Iglesias ha tenido y tiene el reconocimiento de haber ido abriendo brechas,
poniendo picas, a lo largo ser carrera en un mundo bastante monolítico como es
el de los historiadores en un campo, además, —la Historia de la ideas— en el
que la tradicional división en nuestra cultura entre "razón" y
"sentimiento" tenía repartidas y marcadas las cartas. Sin embargo, Iglesias
ganó la partida y comenta en la entrevista que muchos nunca le perdonaron que
su cátedra de 1984 en la Complutense se la ganara a cuatro sesudos varones.
Realizada
por Amelia Julia Castilla, demuestra que la primera condición para obtener una
buena entrevista es contar con una persona inteligente, algo que no siempre se
valora en la medida en que se debiera. Si los medios dieran más espacio a las
personas inteligentes y menos a las que son pura fachada, mejoraría el medio
ambiente de las ideas y los demagogos tendrían menos posibilidades de alcanzar
sus fines. Pero el viento sopla a favor de los banales e ignorantes.
Parte
de este lamentable estado general tiene que ver con la educación y la falta de
orientación a la que está sometida desde hace décadas. Tras ser preguntada por
cuestiones sobre su desarrollo personal en España, la cuestión de la educación
necesariamente sale cada vez que se le pregunta por soluciones a los problemas
actuales. Señala Carmen Iglesias:
La educación es la asignatura pendiente en la
democracia. Se hicieron muchas cosas buenas para cambiar la educación y los
chicos están muy formados en ciertas cosas, pero, por ejemplo, el descrédito de
las humanidades es una catástrofe porque ahí se enseña a los griegos y las
bases de nuestra cultura. Recuerdo en mi familia, un poco en la senda de esa
herencia de la tradición judía, que siempre me decían: “Pase lo que pase en la
vida, ten en cuenta que lo único que no te pueden quitar es lo que tú llevas
dentro, lo que aprendes”. Y eso, a veces, no te hace ser más feliz, porque
cuanto más conoces, más puedes sufrir, pero te ayuda a comprender.*
Para
otros, en cambio, "lo que te pueden quitar" es algo que se guarda en
Andorra o en las Caimán. Coincidimos plenamente con lo dicho por la directora
de la Academia de la Historia y miembro de la Real de la Lengua, y lo hemos
señalado en diversas ocasiones. Tenemos
un concepto erróneo de lo que es la educación y de cuáles son sus fines. Una
concepción instrumental de las personas y las sociedades lleva a su corrupción
moral, que es el caldo de cultivo de la otra, esa que dice preocuparnos pero
que evitamos mirar en nosotros mismos y lo que nos rodea con demasiada
frecuencia.
Ese
descrédito de la Humanidades era algo más que una cuestión escolar; solo podía
plantearse desde una ignorancia absoluta del papel de la educación y de su
necesidad en las sociedades modernas. A los que tienen una visión fabril de la
sociedad, una visión tecnocrática, solo les interesa la producción y la
eficiencia como función de la educación. Las dimensiones morales, que son las
que hacen enfrentarse al ser humano a sus propios dilemas y someter a crítica
las relaciones con el conjunto, quedan relegadas por irrelevantes e improductivas.

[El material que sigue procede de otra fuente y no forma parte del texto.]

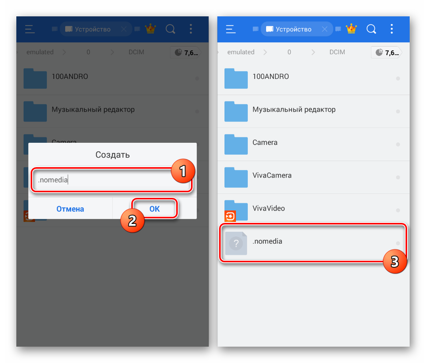 В появившемся текстовом поле впишите и нажмите «ОК». Если вы все сделали правильно, внутри каталога «DCIM» появится новый файл неизвестного формата и по умолчанию имеющий тип «Скрытый».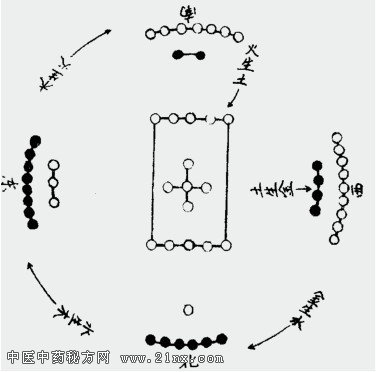 河图不仅描述了五行的生成,而且反映了五行间的相生关系。河图按顺时针方向旋转即为五行相生,即金生水、水生木、木生火、火生土、土生金。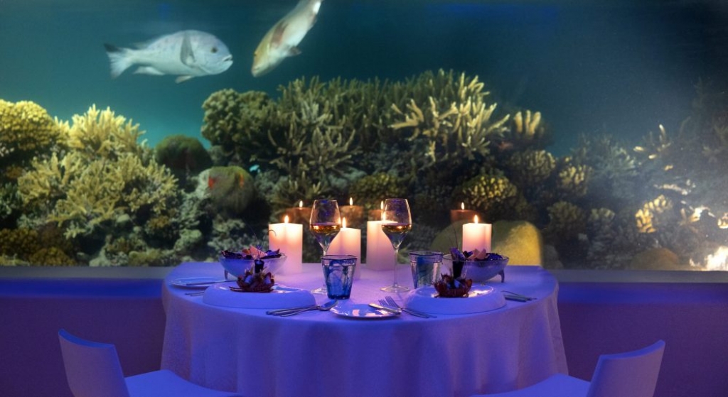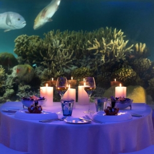 Welcome to the world’s only private underwater dining venue. Indulge in a bespoke dining experience like no other. Dine eight metres below the ocean, a romantic table positioned with uninterrupted views of the marine life before you and savor the culinary delights in this intimate and awe inspiring setting.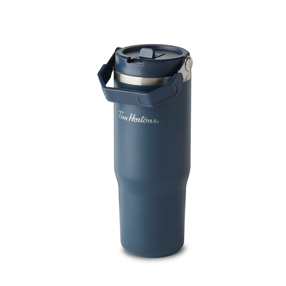 Drinkware never looked more stylish than with the Tim Hortons 30oz Top Handle Tumbler. This understated. sleek stainless steel tumbler comes with a convenient top handle. flip straw. and keeps drinks cold for up to 12 hours. Available in multiple colors. Save $0.10 on refills. offer valid in Canada only. Terms apply. Visit restaurant for details.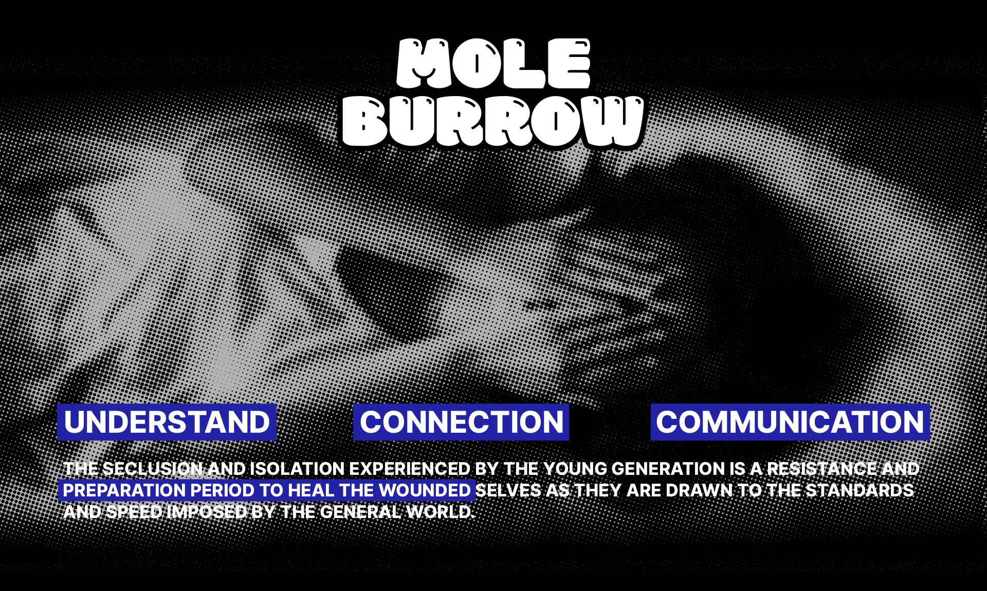 [두더지 땅굴]은 현재 사회적 문제로 심화되고 있는 은둔고립 청년 문제를 해소하고, 지원하기 위한 온라인 소통 플랫폼입니다. 해당 프로젝트의 핵심 타겟인 은둔고립 청년들은 모두 저마다 하나씩 마음의 상처와 트라우마를 가지고 마음의 문을 쉽게 열지 못해 어려움을 겪고 있었습니다. 이렇듯 도움이 필요한 은둔고립 청년들이 다양한 지원과 활동을 통해 스스로 활동하고 서로가 연결될 수 있도록 체계적인 디자인 전략수립부터 세부 디자인 개발까지 진행하였습니다.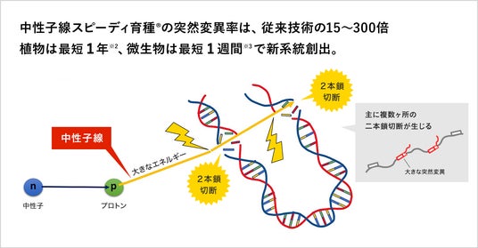 高効率で、微生物にも最適な新しい品種改良技術「中性子線スピーディ育種(R)︎」のメカニズム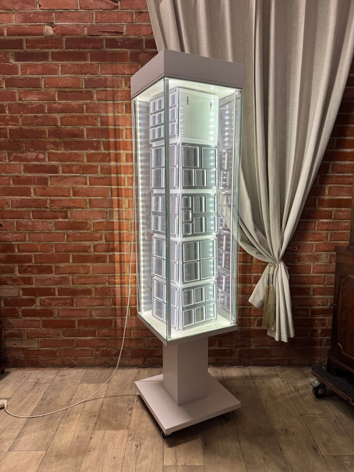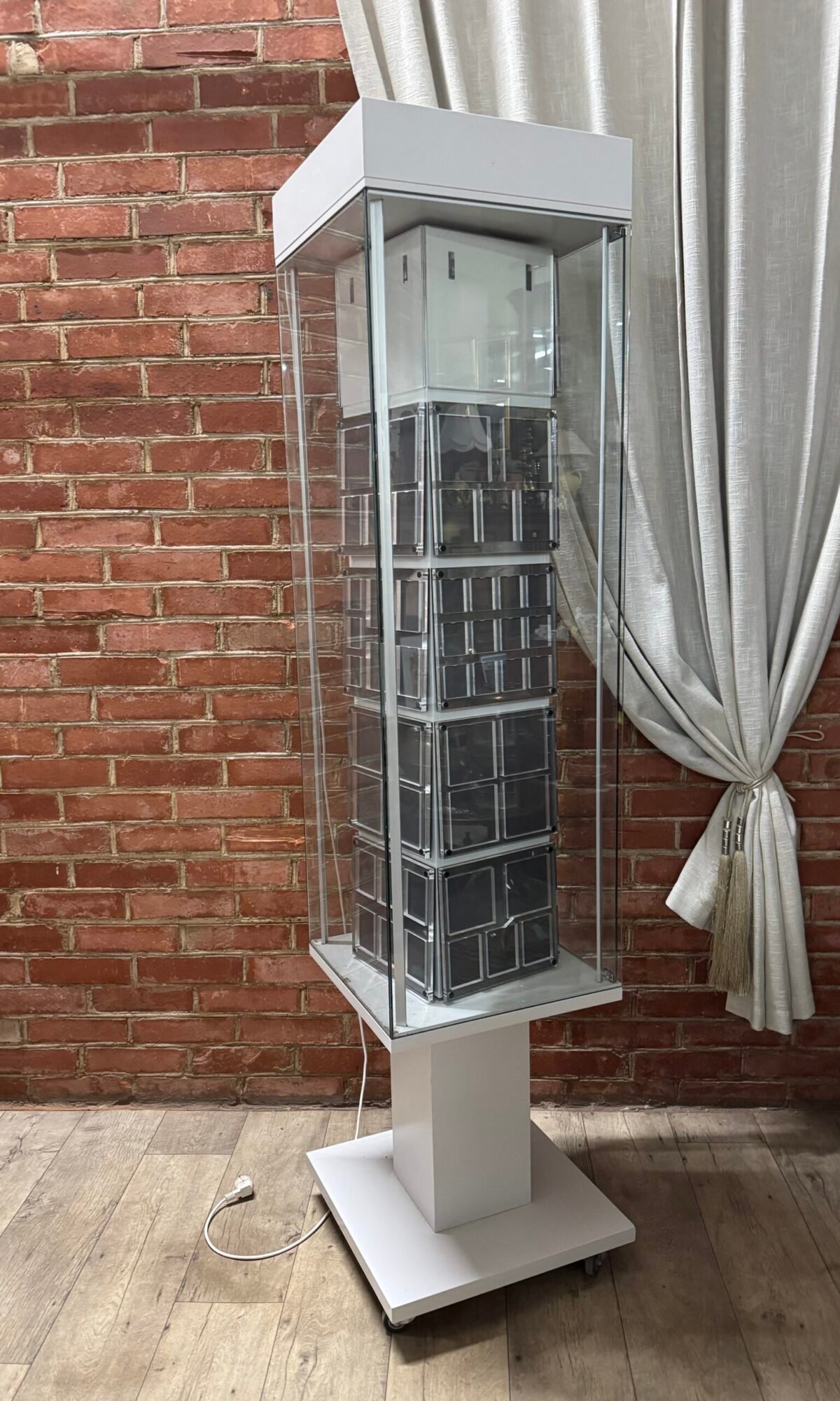 Ekspozicinė šviečianti ir besisukanti reklaminė vitrina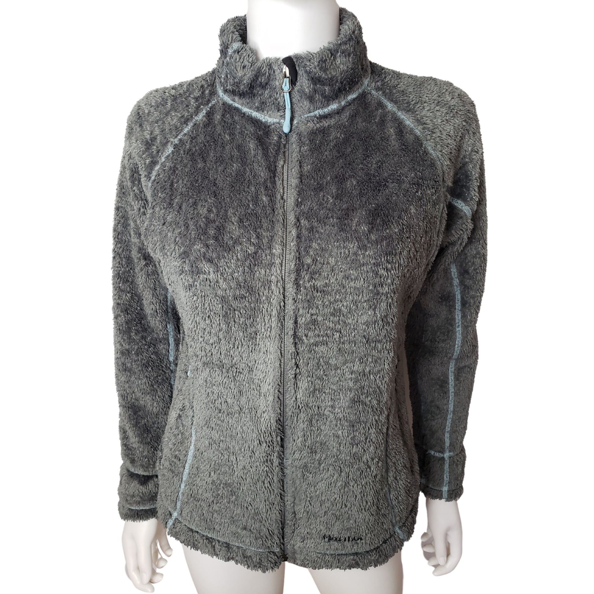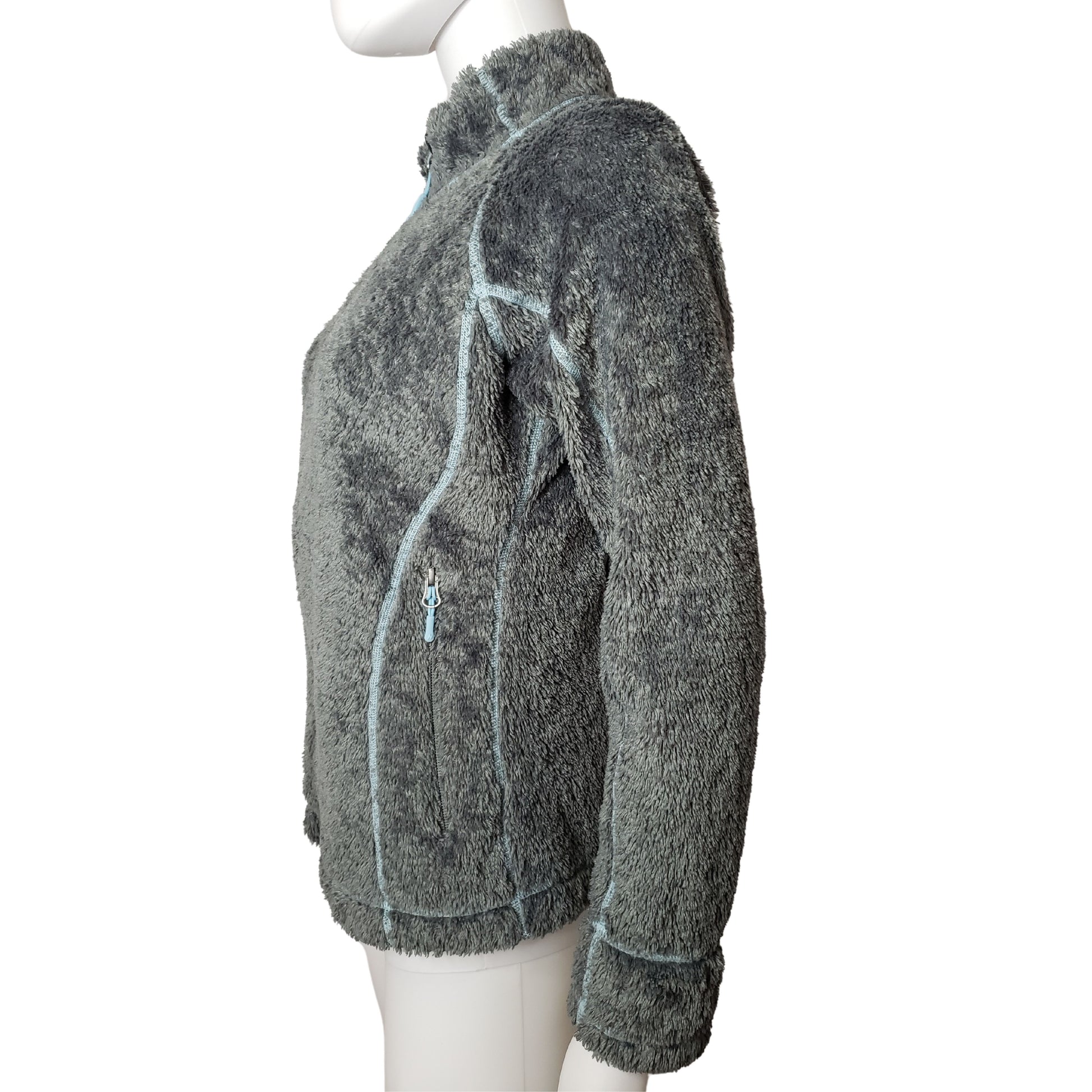 Everyone will want to cuddle you when you're wearing this super fuzzy, super soft zip up jacket! It's gray with light blue stitching, has a full zipper front, 2 zipper side pockets, and thumb holes. It's lightweight but don't let that fool you... it's made of Marmot's PolarTec material so it'll keep you warm in cooler weather.

Solo interesan factores cuantificables y programables; el ser humano es parte
de una maquinaria en la que unos invierten y otros trabajan. Lo demás es
ciencia-ficción.
Nuestra
distorsionada educación ha reducido las materias morales y estéticas, que son
la base de la personalidad y de la relación social, a materias cuyo sentido se
escapa al que las imparte (preocupado por su futuro) y al que las recibe (desprecoupado por su pasado). No se entiende cuál es su
función real y comienzan a justificarse de forma tautológica: se imparten
porque hay que impartirlas. Cuando alguien intenta salir de ese círculo
explicativo, se recurre a tópicos absurdos. La función de esas materias
humanísticas no es un conocimiento turístico del pasado, sino su encarnación en
el presente, su activación en lo cotidiano, su resolución problemática en
nuestras mentes y relaciones sociales.
Estoy leyendo
una obra interesante del profesor de Teoría Política de la Universidad de
Massachusetts, Roberto Alejandro, titulada "Hermenéutica, ciudadanía y
esfera pública" (Bellaterra 2013)**. La idea de Alejandro es, precisamente,
que una de las causas que han provocado nuestro estado actual de confusión y
dispersión social y moral parte de la ruptura de la modernidad con el mundo
antiguo, es decir, con la tradición.
No se
trata, pienso, de que el mundo antiguo fuera más "sabio", sino de la
experiencia complementaria de la continuidad de los problemas y la constancia de nuestra propia
naturaleza. Por decirlo de alguna forma: el hecho de comprender que mis
reflexiones se dan en un marco y en una tradición me permite entrar a formar
parte de una situación de diálogo, establece el contacto con los otros. Nos permite salir de nosotros mismos como única referencia.
Señala
Roberto Alejandro en su obra:
El mundo clásico comenzó a perder su estatus
privilegiado como fuente de principios y experiencias para las sociedades
modernas. Su validez dentro de la imaginación teórica decayó sustancialmente
luego del siglo XVIII. Los antiguos se convirtieron en verdaderos antiguos, es
decir, en gente tan remota y tan ajena que ya no podían ofrecer una fuente
significativa de principios, con lo cual se suspendió un diálogo importante con
la antigüedad que había impulsado las reflexiones de los filósofos políticos
desde Maquiavelo hasta Rousseau. (32)**
Esa
antigüedad de los antiguos es parte de la pérdida de equipaje con la que las
personas se enfrentan al día a día. Y en esto la educación es esencial porque
es la que establece nuestro acceso y relación con la tradición. El mito del
progreso, acuñado precisamente en el siglo XIX, hace ver que lo pasado es
inferior al futuro y que nada tiene que decir en el presente. La visión
humanística, por el contrario, entiende que el ser humano, más allá de su
eficacia en el trabajo, está abierto al diálogo a través de la cultura, que es
la memoria colectiva viva. Los criterios para su preservación pasan a ser
fundamentales; las estrategias para su actualización determinantes. Nos fallan
ambas.
La
visión tecnocrática de la educación es una huida hacia adelante, un intento de
escapar a sus propios desastres formativos. Cuando Carmen Iglesias señala en la
entrevista que "la educación es la asignatura pendiente de la democracia"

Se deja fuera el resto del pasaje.